Iran’s unusual military architecture comprises a Western-style Army (Artesh-e-Jomhouri-ye Islamiye-Iran, or Artesh) which remains politically suspect being the legacy of Shah; and a revolutionary force, the Islamic Revolutionary Guards Corps or Sepah-e-Pasdaran-e-Enqelab-e-Islami. Established in 1979 by Khomeini, IRGC is an ideologically reliable mainstay of Iran’s Military System, acting as counterweight to Artesh. Pasdaran assimilated multitude of armed groups and is employed to purge political opposition and ensure ideological adherence to the Revolution, especially the political role by Supreme Leader — the Velayat-e Faqih — who oversights the entire Military System. Basij Militia, set up by Khomeini, constitutes volunteer regime loyalists used to quell street dissent.
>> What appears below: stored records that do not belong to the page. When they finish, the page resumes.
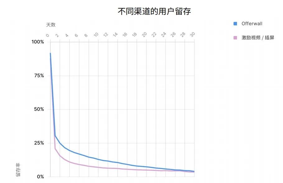 Offerwall的核心優勢體現在數據上是多方面的,首先是留存率,相比於其他廣告Offerwall的留存率高出2-7倍。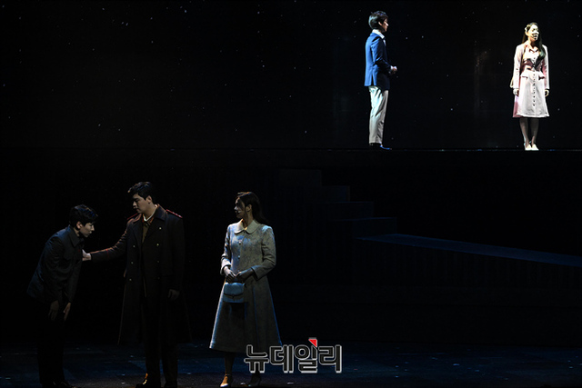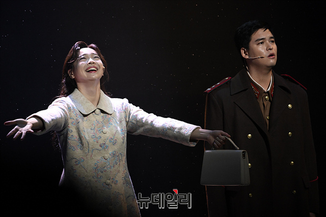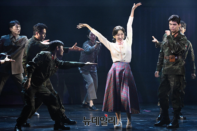 배우들이 20일 오후 서울 강남구 코엑스 신한카드 아티움에서 열린 뮤지컬 '사랑의 불시착(연출 박지혜)' 프레스콜에서 '우리의 정혁동무' 하이라이트 장면을 시연하고 있다.뮤지컬 '사랑의 불시착'은 2020년 방영된 현빈·손예진 주연의 tvN 동명드라마를 원작으로 제작했다.어느 날 돌풍과 함께 패러글라이딩 사고로 북한에 불시착한 재벌 상속녀 윤세리와 그녀를 숨기고 지키다 사랑하게 된 특급 장교 리정혁의 사랑 이야기를 그린다. 11월 13일까지 코엑스 신한카드 아티움에서 공연.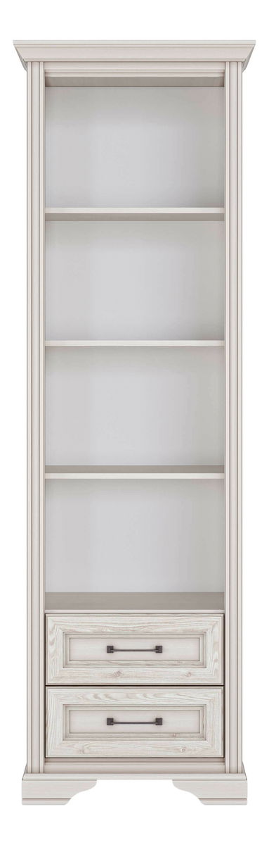 Vysoký regál na odkládání fotografií, suvenýrů či oblíbených knih Vám zkrášlí obývací pokoj nebo pracovnu. K dispozici máte čtyři otevřené police a dvě zásuvky pod policemi. Světlé barevné provedení přinese do vašeho domova kousek klasického designu.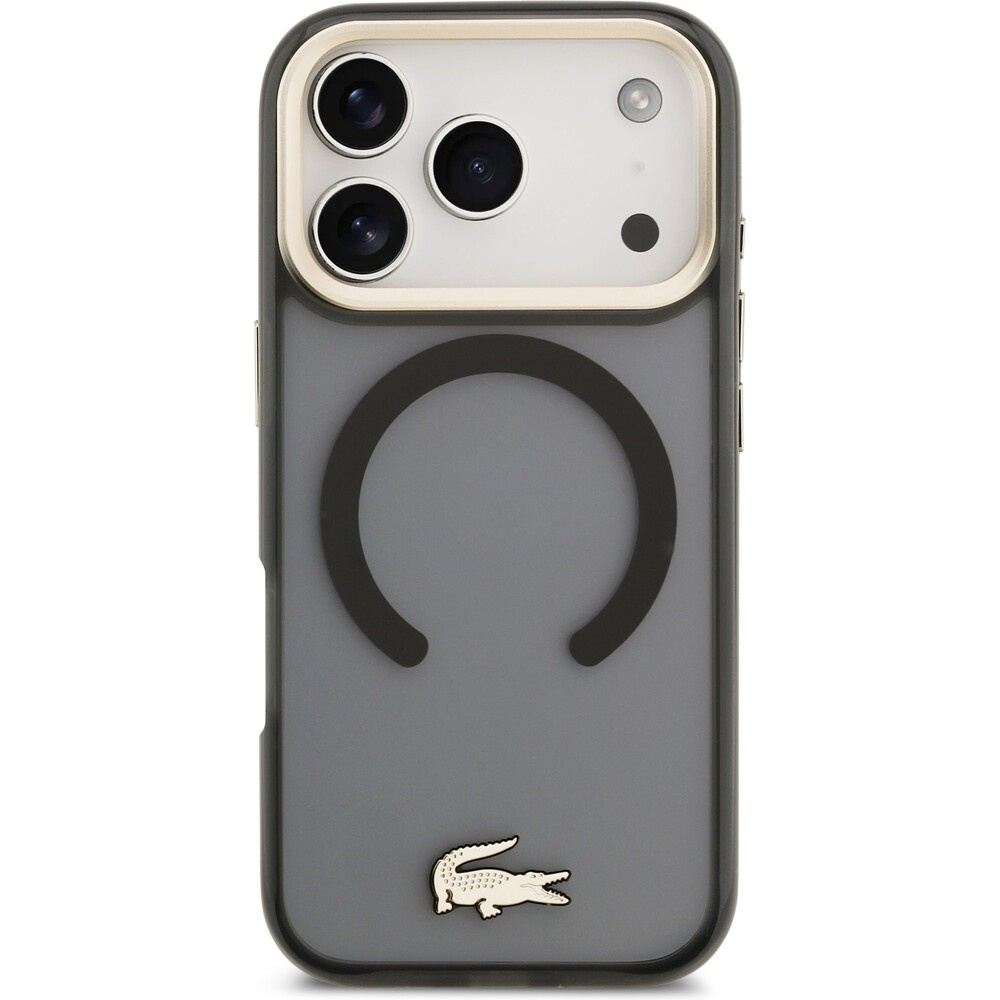 Lacoste PC/TPU Frosted Finish Gold Logo MagSafe kryt iPhone 17 Pro černý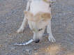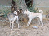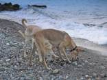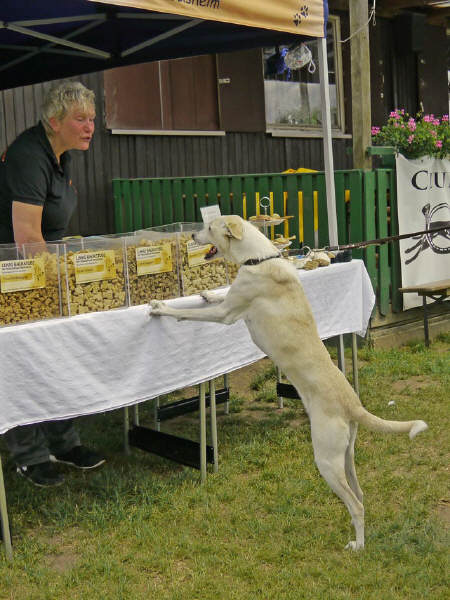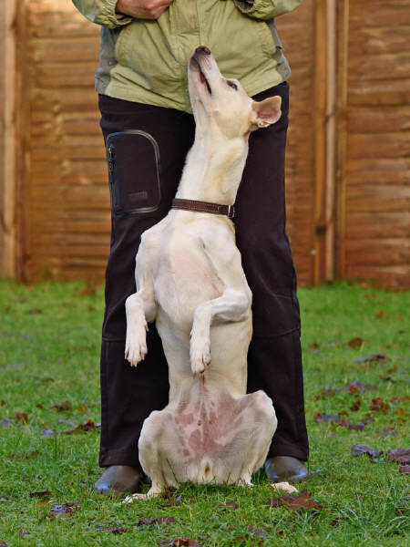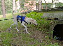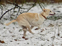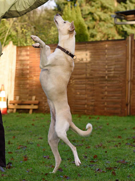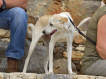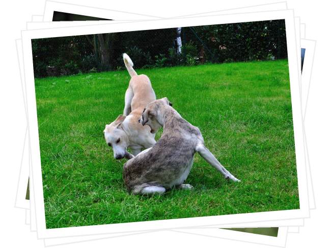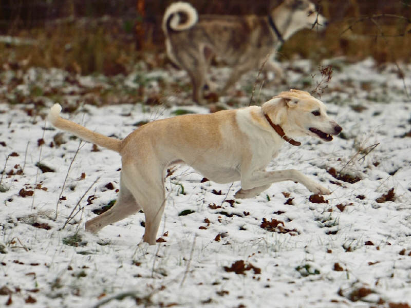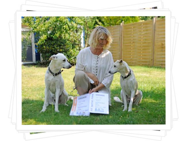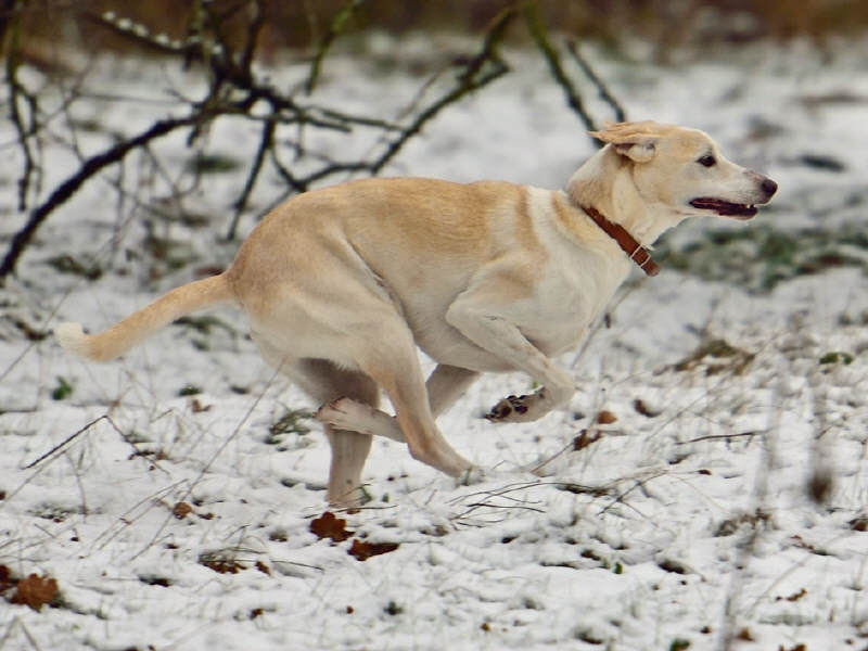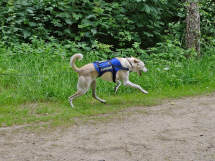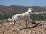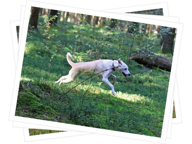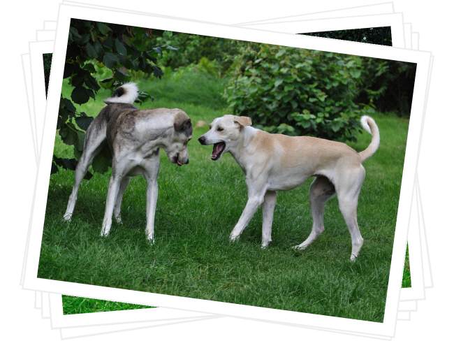 Der Rüde "Kalokairi", sein Name bedeutet "Sommer", wurde im November 2010 in Sitia/Kreta geboren und kam im Alter von ca. 10 Monaten zu uns. Tierschützer auf Kreta hatten ihn nach einer schweren Verletzung gesund gepflegt. Eigentlich wollten wir nur Pflegestelle für Kalli sein, aber er fügte sich so gut in unser bestehendes Rudel ein und bezauberte uns mit seinem Charme, also blieb er bei uns. Er hat Agility ohne Turnierambitionen und Tricktraining gemacht. Höchste Motivation zeigte er beim Mantrailing, war als Sporttrailer Weiß B geprüft. Im April 2017 haben wir Kalokairi auf der Windhund-Zuchtschau auf Gut Basthorst zur Phänotypbestimmung den Richtern des Deutschen Windhundzucht- und Rennverbandes DWZRV (VDH) vorgestellt. So wurde er als erster Hund der Rasse Kritikos Lagonikos in das Register-Zuchbuch des DWZRV eingetragen, unter der Zuchtbuchnummer KL Reg.0-0001 . Leider ist unser Kalli am 17. Oktober 2025 von uns gegangen, in seinem 16. Lebensjahr...

Pasdaran command Ground, Naval and Aerospace Forces, Quds Force (roughly over 100,000), Basij Militia (around 90,000) alongside cyber, intelligence, counterintelligence and other security forces. Pasdaran constitutionally remain committed to exporting the Revolution. Loyalty of Pasdaran and professionalism of Artesh affects operational interaction. Pasdaran’s aggressive loyalty wins greater prestige, direct access to senior leadership and superior budget. They exercise immense commercial clout through their conglomerate, the Khatam-al-Anbiya, which emerged during re-building after the Iraq war.

For territorial defence, Iran’s deterrence-based doctrine stresses raising invaders’ risks and costs instead of reducing its own. Use of proxies affords Iran operational flexibility by retaliating against an adversary at a time and place of its choosing. Proxy partners also extend Tehran’s psychological warfare, propaganda and perception management potential. Iran deploys sizeable, albeit localised, tools to disrupt, destroy and hack adversaries’ networks and is improving to conduct more lethal and lasting cyber-attacks.

IRGC’s is reliant upon Quds Force (Jerusalem Force or Niru-ye-Quds) and has sections devoted to countries and regions like Ramazan Corps for Iraq; Levant Corps for Syria, Lebanon, Jordan and Israel, Rasulullah Corps for Arabian Peninsula and Ansar Corps for Afghanistan etc. Pasdaran provide support to any group deemed part of Iran’s ‘Axis of Resistance’. Iran also has the advantage of force multipliers, like a ‘just cause’ and ‘apparently’ more will-to-fight.

Tehran’s current ‘licensing’ of shipping through the Strait of Hormuz and its drone/missile strikes in the Arab world has rocked the energy markets and Gulf’s economics and peace. The sense gaining traction among Coalition is to reopen Hormuz and restore Arab Gulf’s confidence in the US security architecture. The Israel-US inability to attain their cited war objectives leaves open the ‘probability’ of a ground offensive against Tehran.